As summarized in a prior review, people encounter unknown risks and experience predominantly negative emotions (eg, anxiety) during a pandemic.6 In the early days of the outbreak, negative news related to COVID-19 predominated, such as news of the increasing number of confirmed cases and lack of medical resources. This situation may have increased negative emotions and influenced people’s risk perception, which is often driven by emotions rather than factual information.6–8 In the case of strong emotional responses, people may ignore important numeric information, such as probabilities.9 Paulos argued that the inability to deal “rationally” with small likelihoods of large outcomes (eg, a highly unlikely but catastrophic outbreak of disease) results in misinformed government policies, confused personal decisions, and increased susceptibility to pseudoscience.10 A recent survey in Vietnam found that the exaggerated risk perception was significantly associated with misuse of precautionary measures (ie, wearing a mask) to contain COVID-19, suggesting that inadequately high-risk perception can lead to panic reactions and misuse of health measures.11 Thus, finding ways to relieve negative emotions and risk perception is crucial for responding to COVID-19.6
Risk perception can be affected by many factors, such as the spatial distance from the epicenter12–15 and risk communication messages.16 Previous research on the “Asian disease problem,” a hypothetical scenario developed by Tversky and Kahneman, has demonstrated that the extent to which people adopt risk-averse versus risk-seeking preferences is dependent on whether information about the hypothetical disease is phrased negatively in terms of “lives lost” or positively in terms of “lives saved.”17 The occurrence of changes in preferences (risk-seeking vs risk-averse) as a result of different descriptions of the same problem was labeled by Tversky and Kahneman as the “framing effect.” The framing effect is one of the most valuable approaches to investigating decisional biases and influencing factors in medical decision-making, and many studies have reported the framing effect in medical scenarios.18 The literature has shown that even well-trained physicians are not immune to this effect. Physicians’ preference for alternative therapies shifted depending on whether the outcomes were framed in terms of the probability of “living” or the probability of “dying.”19
In the mass media, by transmitting the importance of a specific aspect of reality, framing can influence the perception of audience members.20,21 For instance, citizens’ explanations of political issues have been found to be significantly influenced by the manner in which television news presentations “frame” these issues and, as a result, affect their assessments of presidential performance.22 Kapuściński and Richards found that people’s risk perception and feelings (ie, worry) would be influenced when different frames (eg, risk amplifying description frame and risk attenuating description frame) are used to describe tourist destinations in media reports.23
Given that the information environment around a pandemic underscores the importance of effective scientific communication, and finding ways to relieve negative emotions is crucial for responding to the pandemic,6 the present study sought to determine how the most appropriate information about the viral pandemic should be conveyed to encourage public health safety as much as possible without eliciting excessive levels of anxiety. To address this question, we developed a set of logically equivalent frames by using the basic pandemic information (ie, the “confirmed cases,” “death cases,” and “cured cases”) released by the National Health Commission (NHC) in China.24 We then conducted a nationwide survey to investigate people’s risk perceptions, emotional responses, and willingness to forward updates when faced with daily news presented in these different frames. We also developed additional pandemic information frames by including a population reference and graphic information and investigated how these additions might impact the message receivers’ responses.25 As per Simmons et al,26 for the present study “we report how we determined our sample size, all data exclusions (if any), all manipulations, and all measures in the study” (p. 1).

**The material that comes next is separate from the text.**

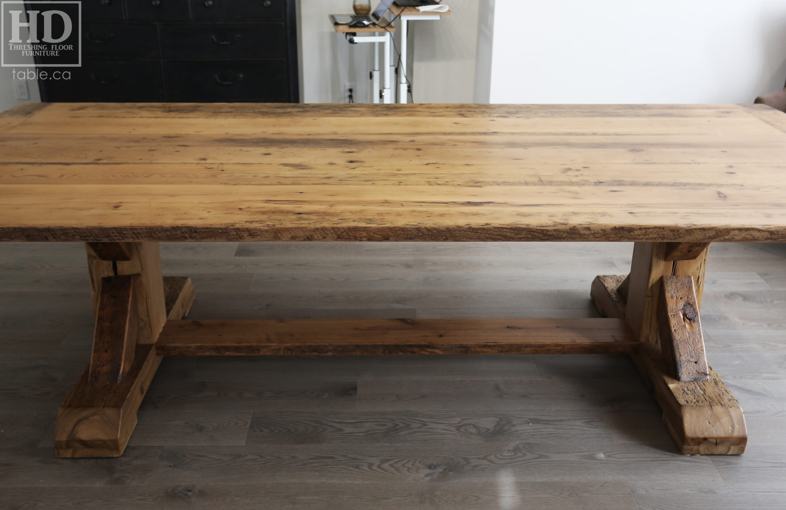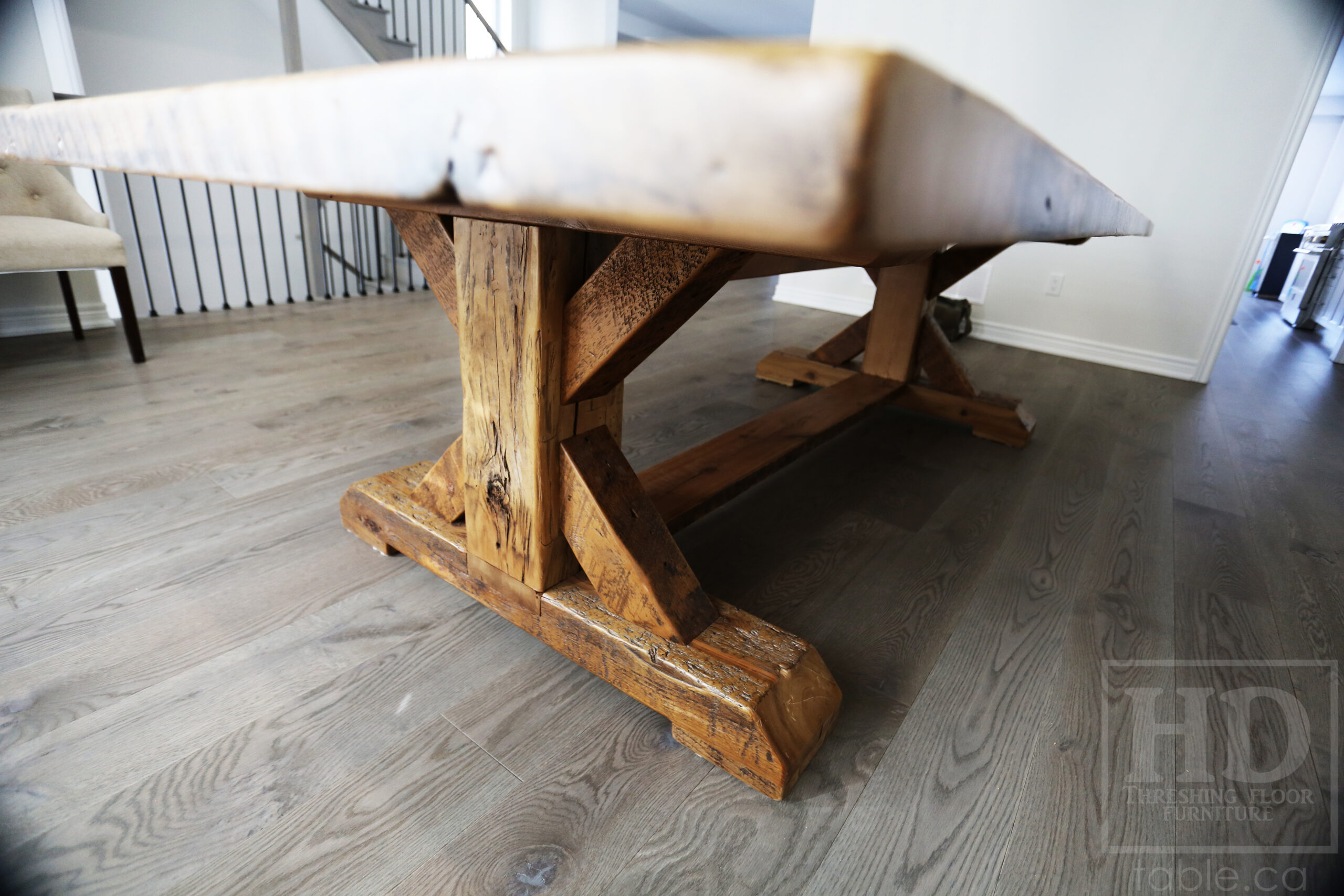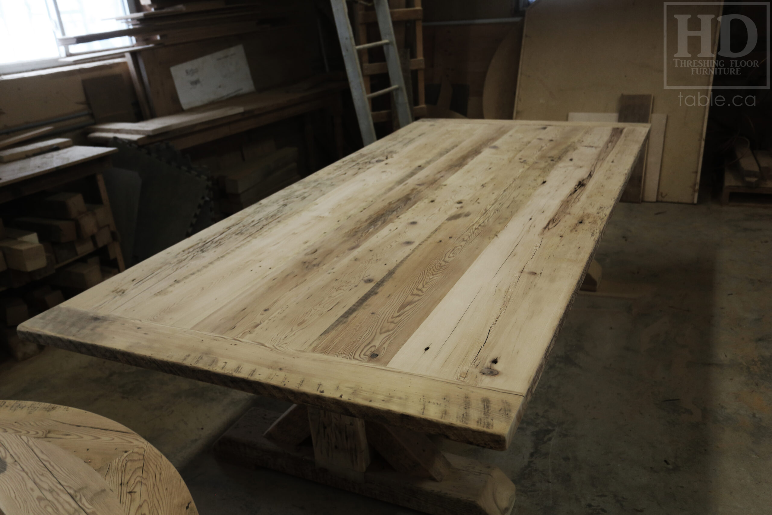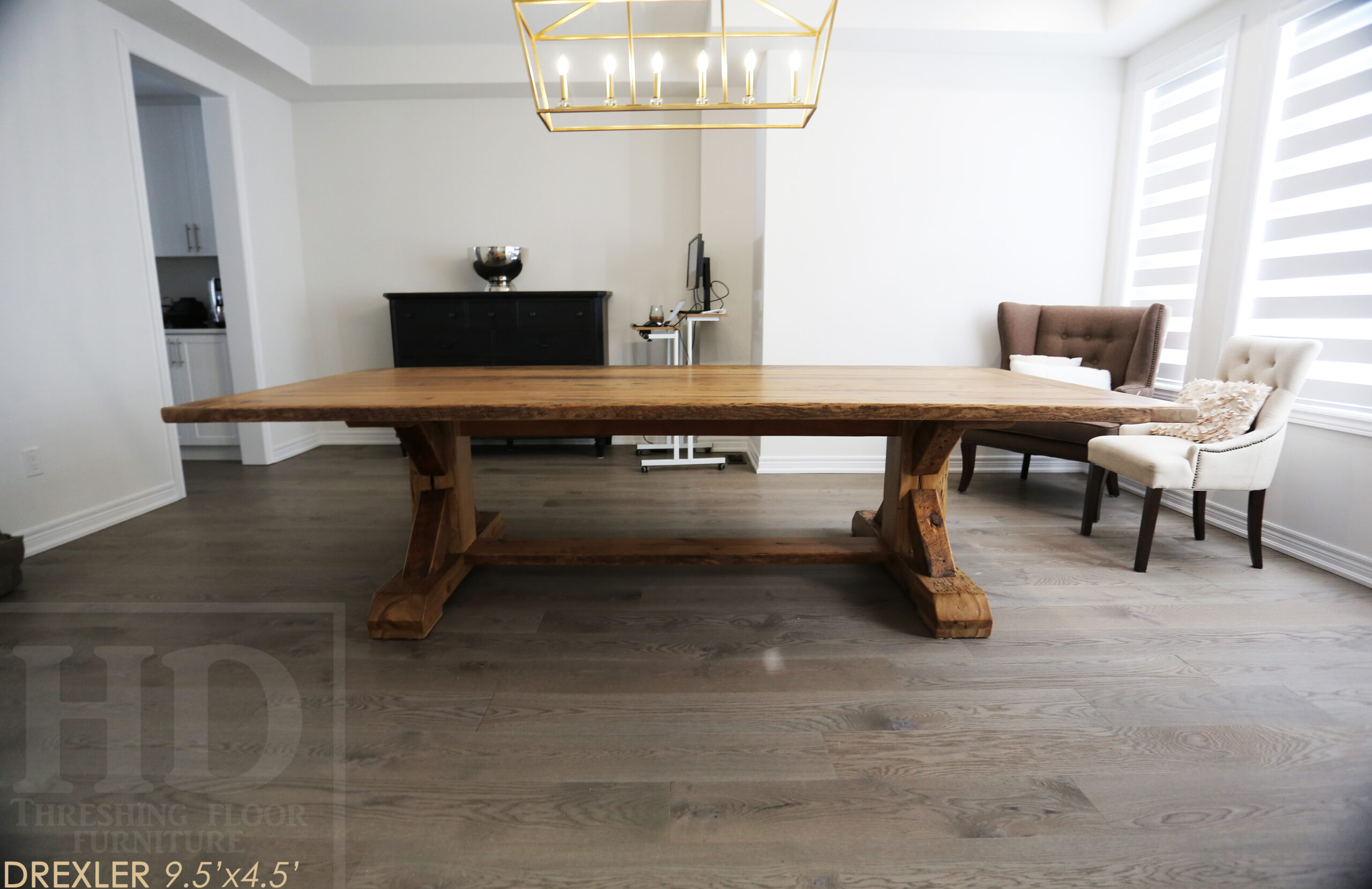 Project Summary: 9.5’ Reclaimed Ontario Barnwood Table we made for a Rockwood, Ontario home – 4.5’ wide – Sawbuck Base [Beam Type Option] – Old Growth Hemlock Threshing Floor Construction – Original edges & distressing maintained – Bread Edge Boards – Premium epoxy + matte polyurethane finish – www.table.ca

For a public poll survey, about 1000 participants are considered an adequate sample size.27 We recruited a random sample of 8170 participants (4619 (56.5%) female; Mage = 29.38 years, SD = 9.31; age was missing in 69 cases) from 32 provinces, municipalities, and autonomous regions in China during the Spring Festival holidays of 2020 via an internet research source Sojump (https://www.wjx.cn/), and each participant was paid ¥6 (about $0.92). A sensitivity power analysis for our main ANOVA analysis, assuming an α of 0.05 and power of 0.80, indicated that the minimum effect size we had the power to detect was a very small effect of f = 0.03. This study was approved by the ethics review committee of the Institute of Psychology, Chinese Academy of Sciences, to protect the rights and welfare of the research participants (project identification code: H20029) and was conducted in accordance with the Declaration of Helsinki. An informed consent form was provided online specifying the study details, the participant’s rights, risks and benefits and the right to choose not to participate. The researchers analyzed only deidentified (anonymized) data.
Materials and Procedure
Pandemic Information Presented in Different Frames
Since the National Health Commission of the PRC began to release COVID-19 information on January 20, 2020, the “confirmed cases,” “death cases,” and “cured cases” have been regularly reported publicly.
Of these, death cases provide a measure of bad news, whereas cured cases represent good news. Death cases together with confirmed cases can be co-related to form a new count: a relative measure of bad news (case fatality rate). Similarly, the ratio of cured cases with confirmed cases can be seen to indicate a relative measure of good news (cure rate).
Inasmuch as the cumulative number of death cases was the same as the cumulative number of cured cases on February 1, 2020 in China, and both death and cured cases were exactly 1 each and the confirmed cases was 57 in Hainan Province on that date, the update on the outbreak of COVID-19 in Hainan Province on February 1, 2020 was chosen as the pandemic information to be presented in different frames.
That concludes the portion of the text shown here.